YOUR INSTRUCTIONS:
What you write must match the records exactly, except for the images, which are left out.

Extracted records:
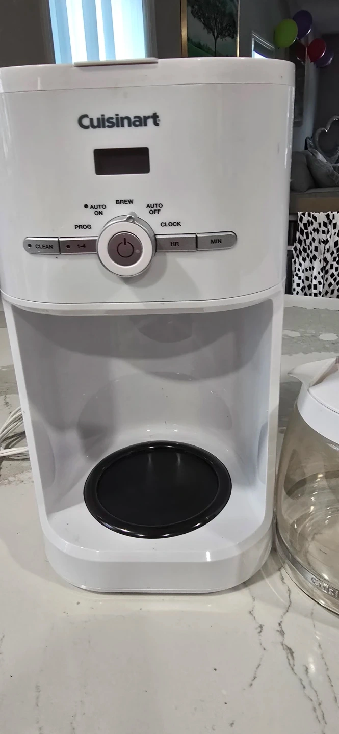 This is a white Cuisinart coffee maker. It has a carafe with measurement markings up to 12 cups. Features include auto-on, brew, clock, and min functions.brand new just open to check on it
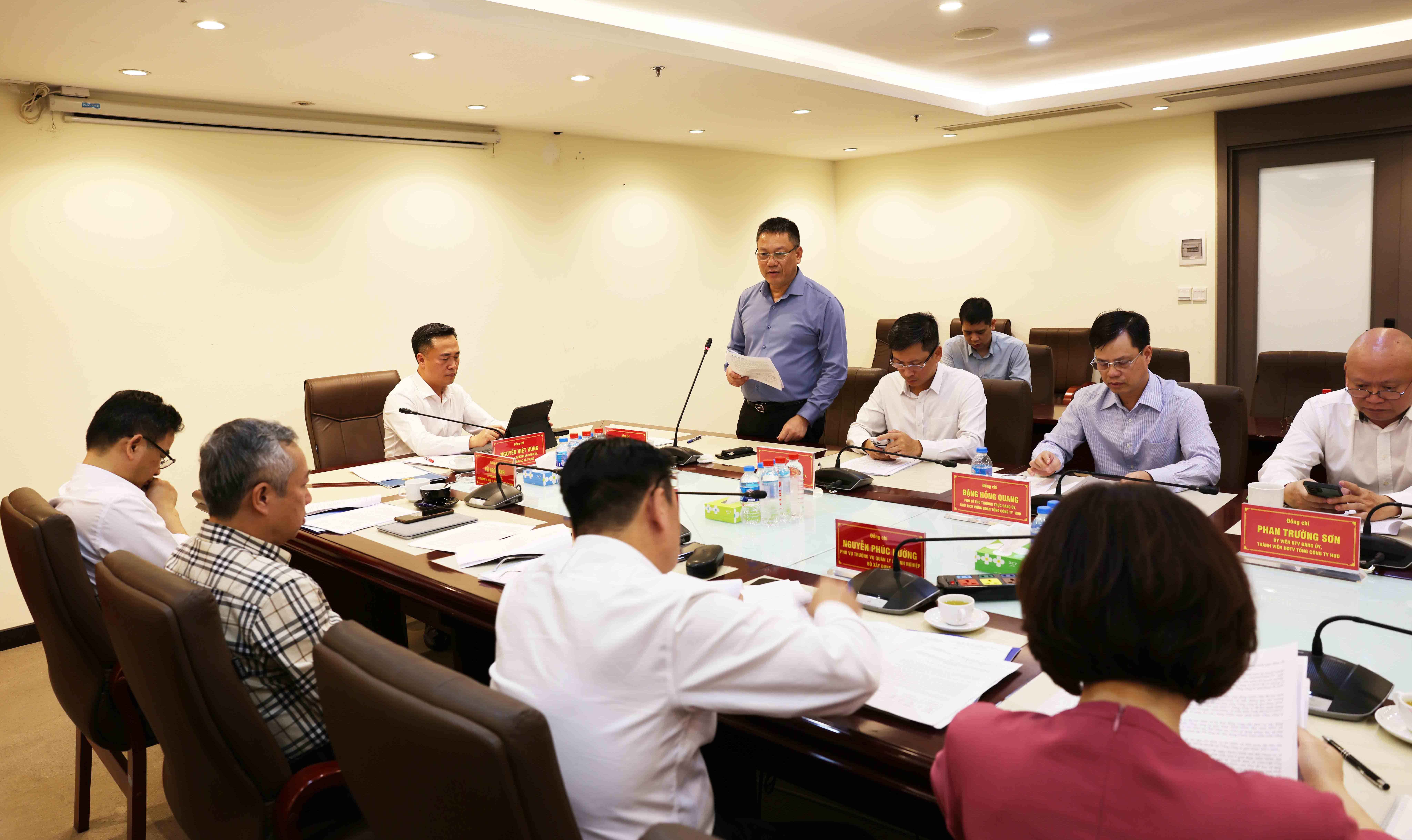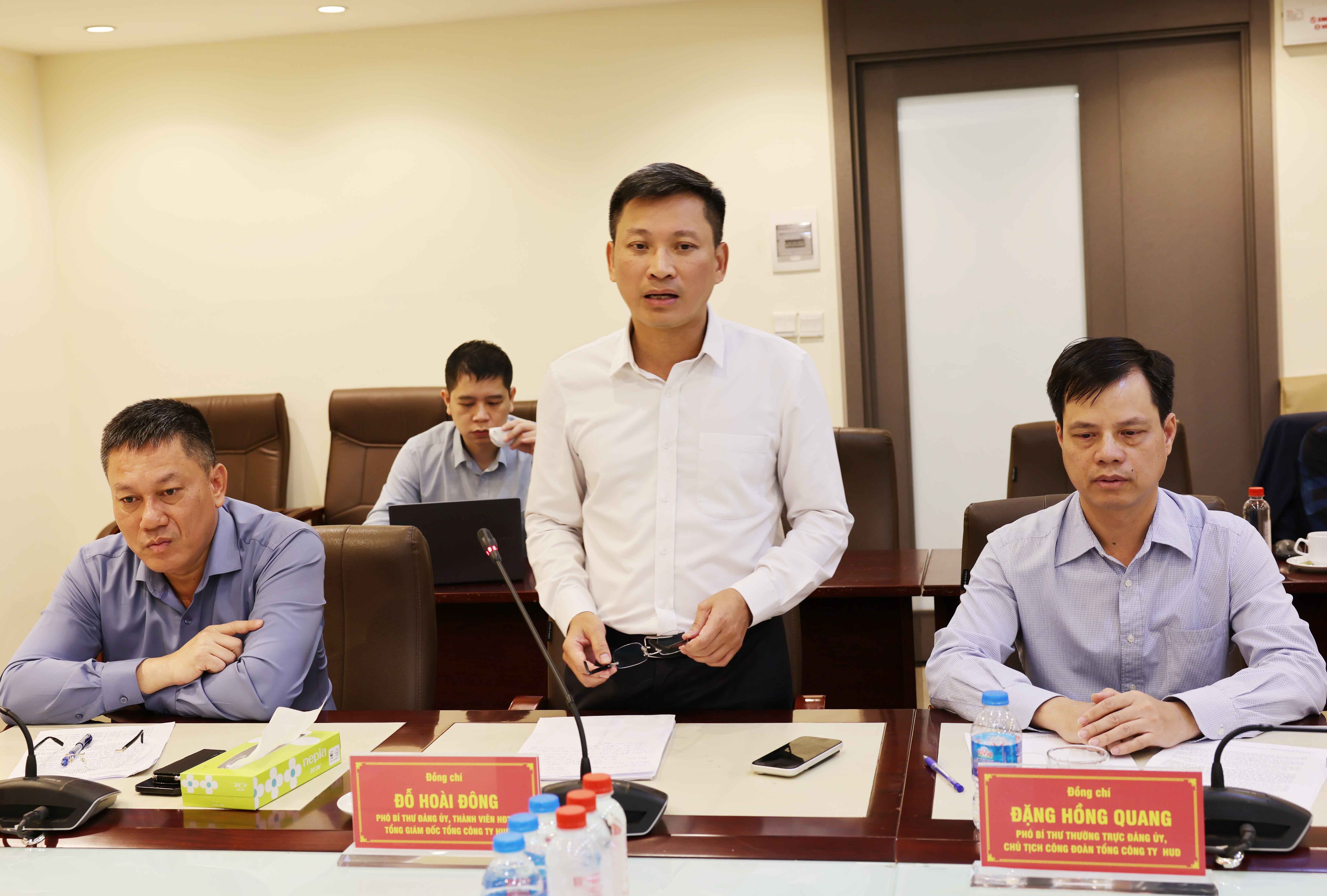 Về phía Tổng công ty HUD, tham dự buổi làm việc có đồng chí Đậu Minh Thanh - Bí thư Đảng ủy, Chủ tịch Hội đồng thành viên; đồng chí Đỗ Hoài Đông - Phó Bí thư Đảng ủy, Thành viên Hội đồng thành viên, Tổng Giám đốc; đồng chí Đặng Hồng Quang - Phó Bí thư thường trực Đảng ủy, Chủ tịch Công đoàn cùng các đồng chí trong Ban Thường vụ, thành viên Hội đồng thành viên, Kiểm soát viên, Ban Tổng giám đốc, Chánh Văn phòng Đảng ủy, Trưởng các ban chuyên môn.
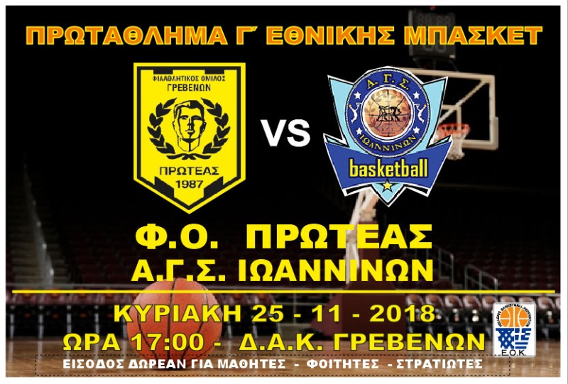 Τον Α.Γ.Σ.Ιωαννίνων θα αντιμετωπίσει η ανδρική ομάδα του Φ.Ο.Πρωτέα Γρεβενών , σήμερα Κυριακή 25-11-2018 & ώρα 17:00 στο ΔΑΚ Γρεβενών, στο μεγάλο ντέρμπυ της 6ης αγωνστικής του πρωταθλήματος μπάσκετ της Γ΄Έθνικής(3ος όμιλος).
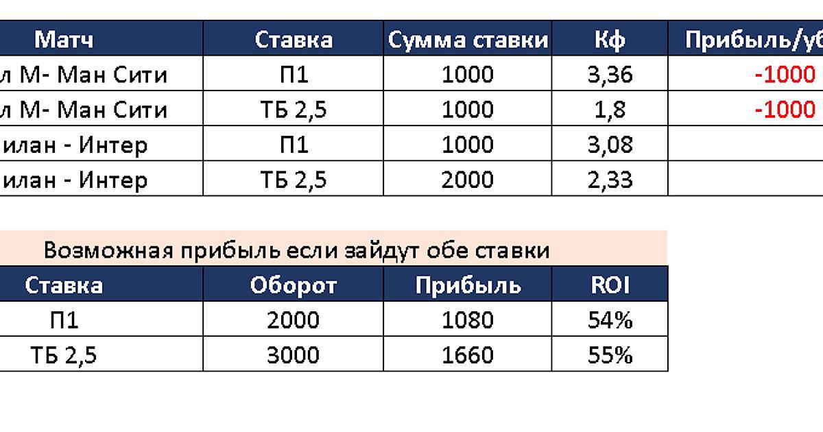 Итого беру на матч Милан - Интер, ставки П1 и ТБ 2,5 по отдельности.
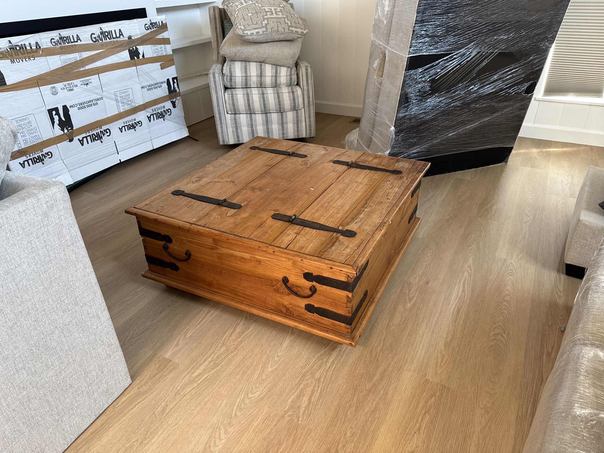 36” x 36” coffee table. Table top is hinged to easily open storage.

FINISHED TASK:
 This is a white Cuisinart coffee maker. It has a carafe with measurement markings up to 12 cups. Features include auto-on, brew, clock, and min functions.brand new just open to check on it
 Về phía Tổng công ty HUD, tham dự buổi làm việc có đồng chí Đậu Minh Thanh - Bí thư Đảng ủy, Chủ tịch Hội đồng thành viên; đồng chí Đỗ Hoài Đông - Phó Bí thư Đảng ủy, Thành viên Hội đồng thành viên, Tổng Giám đốc; đồng chí Đặng Hồng Quang - Phó Bí thư thường trực Đảng ủy, Chủ tịch Công đoàn cùng các đồng chí trong Ban Thường vụ, thành viên Hội đồng thành viên, Kiểm soát viên, Ban Tổng giám đốc, Chánh Văn phòng Đảng ủy, Trưởng các ban chuyên môn.
 Τον Α.Γ.Σ.Ιωαννίνων θα αντιμετωπίσει η ανδρική ομάδα του Φ.Ο.Πρωτέα Γρεβενών , σήμερα Κυριακή 25-11-2018 & ώρα 17:00 στο ΔΑΚ Γρεβενών, στο μεγάλο ντέρμπυ της 6ης αγωνστικής του πρωταθλήματος μπάσκετ της Γ΄Έθνικής(3ος όμιλος).
 Итого беру на матч Милан - Интер, ставки П1 и ТБ 2,5 по отдельности.
 36” x 36” coffee table. Table top is hinged to easily open storage.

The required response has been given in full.